A three-year-old lawsuit between WPP, Kantar and affiliated firms and TRA, now owned by TiVo, has concluded with both sides agreeing not to pursue a trial on the remaining claim of whether TRA was entitled to nominal damages on its claims for breach of contract and aiding and abetting breach.
Most the claims had been dealt with in earlier orders from the judge hearing the case, Shira Scheindlin of the U.S. District Court in Manhattan. In April, Scheindlin ruled that TRA was not entitled to either compensatory or punitive damages on the breach of contract claims.

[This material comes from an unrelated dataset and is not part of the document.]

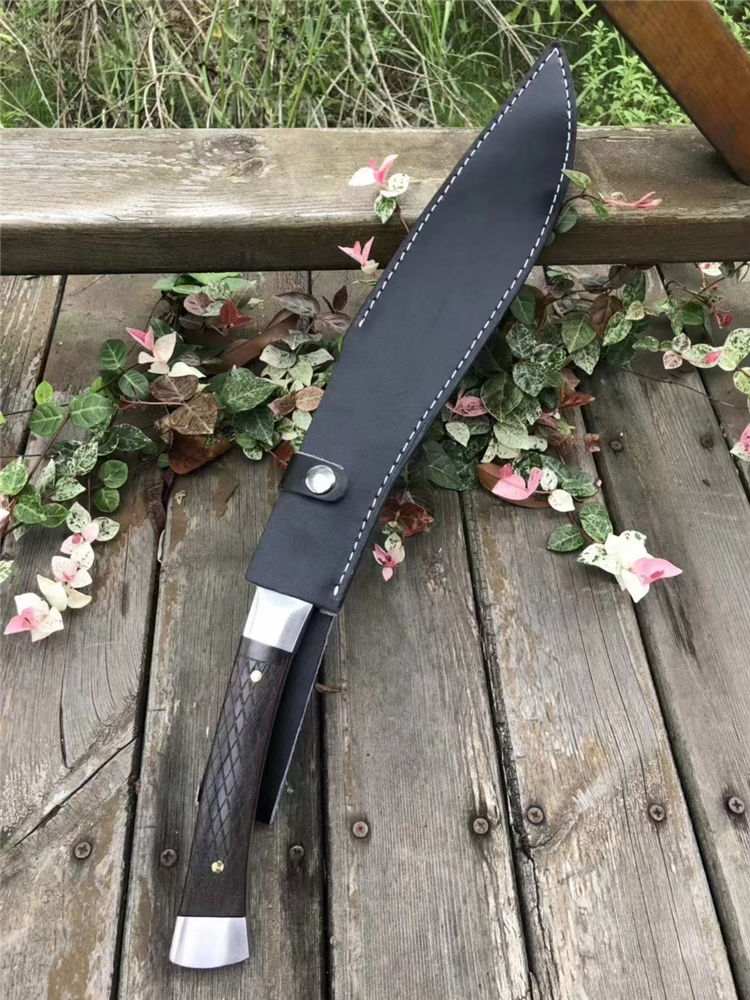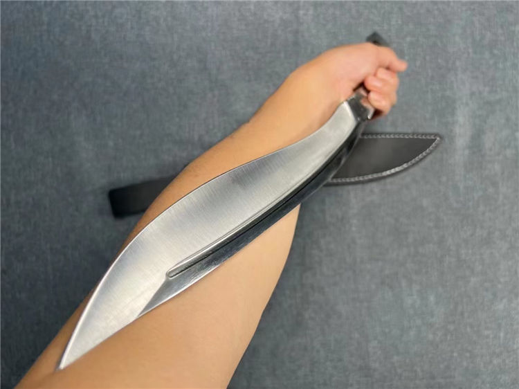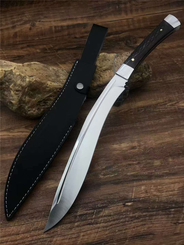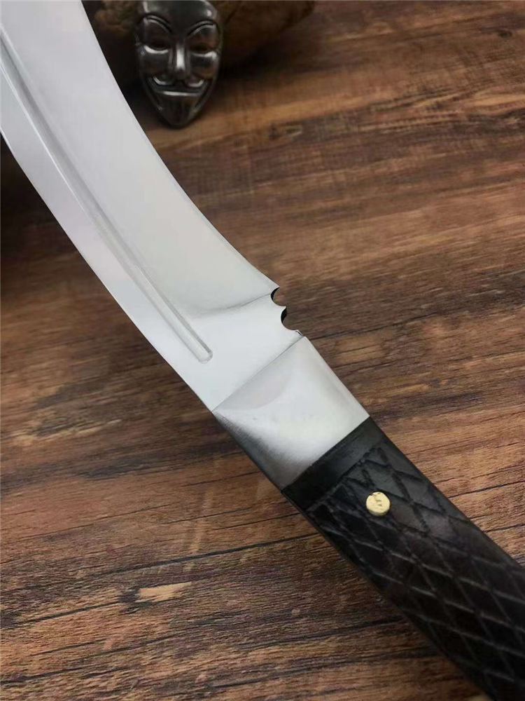 全长:47.3cm 刃长:29.5cm 柄长:17.8cm 厚度:5.8mm 硬度:58 钢材:进口高碳钢 柄材:黑檀木 表面:超镜光(一体龙骨) 单刀重量:900g

The suit was triggered in 2011 when talks between the parties concerning WPP’s possible acquisition of TRA broke down and Kantar launched a competitive service called RapidView. TiVo acquired TRA in 2012.

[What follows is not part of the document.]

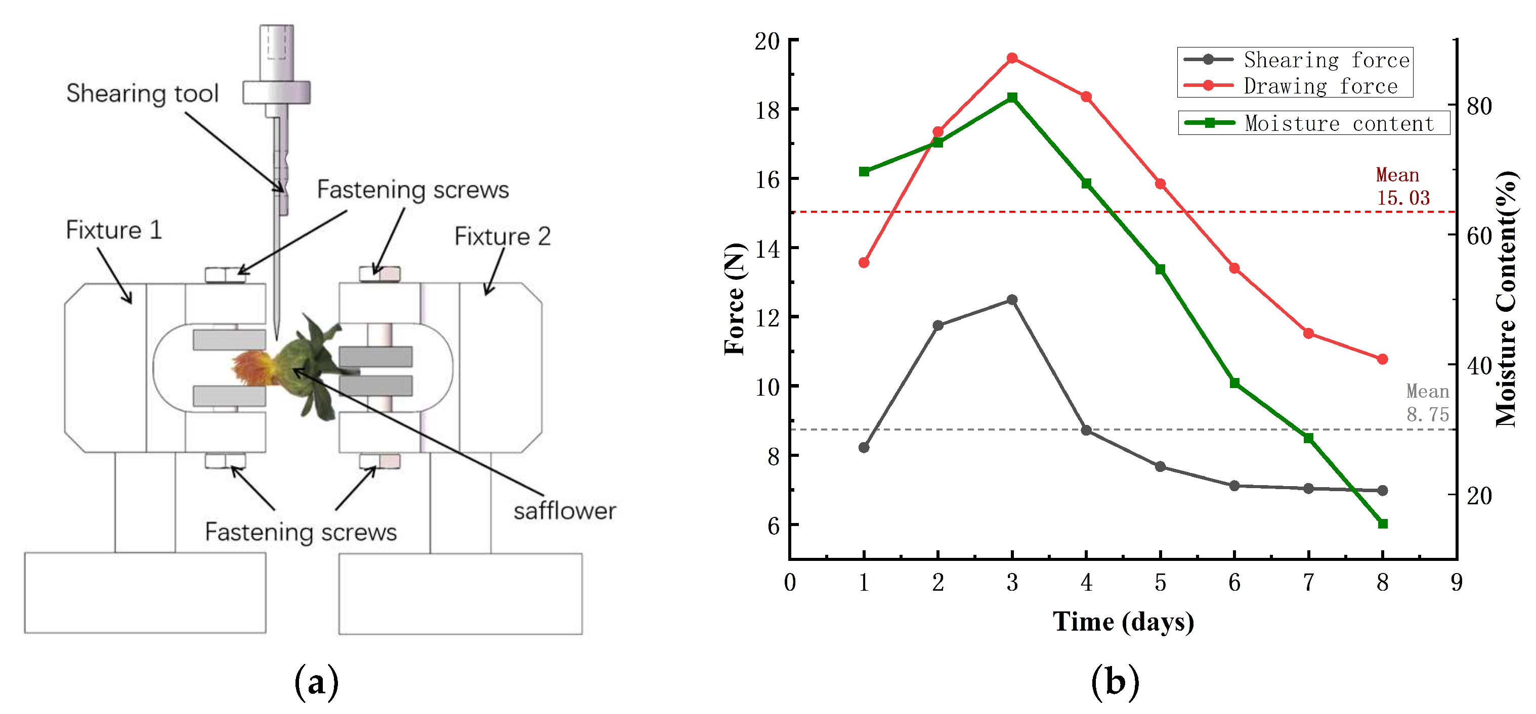 - The ‘Yumin Thornless’ safflower is a terminal-bearing, multi-branched crop. Mechanical tests showed that the average shear separation force (8.2 N) is significantly lower than the pulling force (15.03 N). The shear fracture threshold for a single filament on the seventh day after flowering was 2.9 N, providing a theoretical basis for low-damage shear harvesting.

Late last year, Scheindlin tossed TRA’s patent infringement claims and also ruled that Kantar did not misappropriate trade secrets. Scheindlin also rejected TRA’s so-called “frozen market” claim that Kantar had caused a sharp devaluation of TRA by launching competing products and then bringing suit against the company, making investors wary.
“After conferring, the parties have agreed that Counterclaim-Defendants [WPP, Kantar and affiliated companies] will be deemed to have paid TRA $1 in nominal damages, thereby mooting the last remaining issue before the Court in this litigation and allowing for the entry of a stipulated final judgment.”
The order, issued earlier this month, indicated that Kantar did not admit to any liability on the nominal damages claim and that both sides were free to appeal any of the orders that Scheindlin issued throughout the legal proceeding.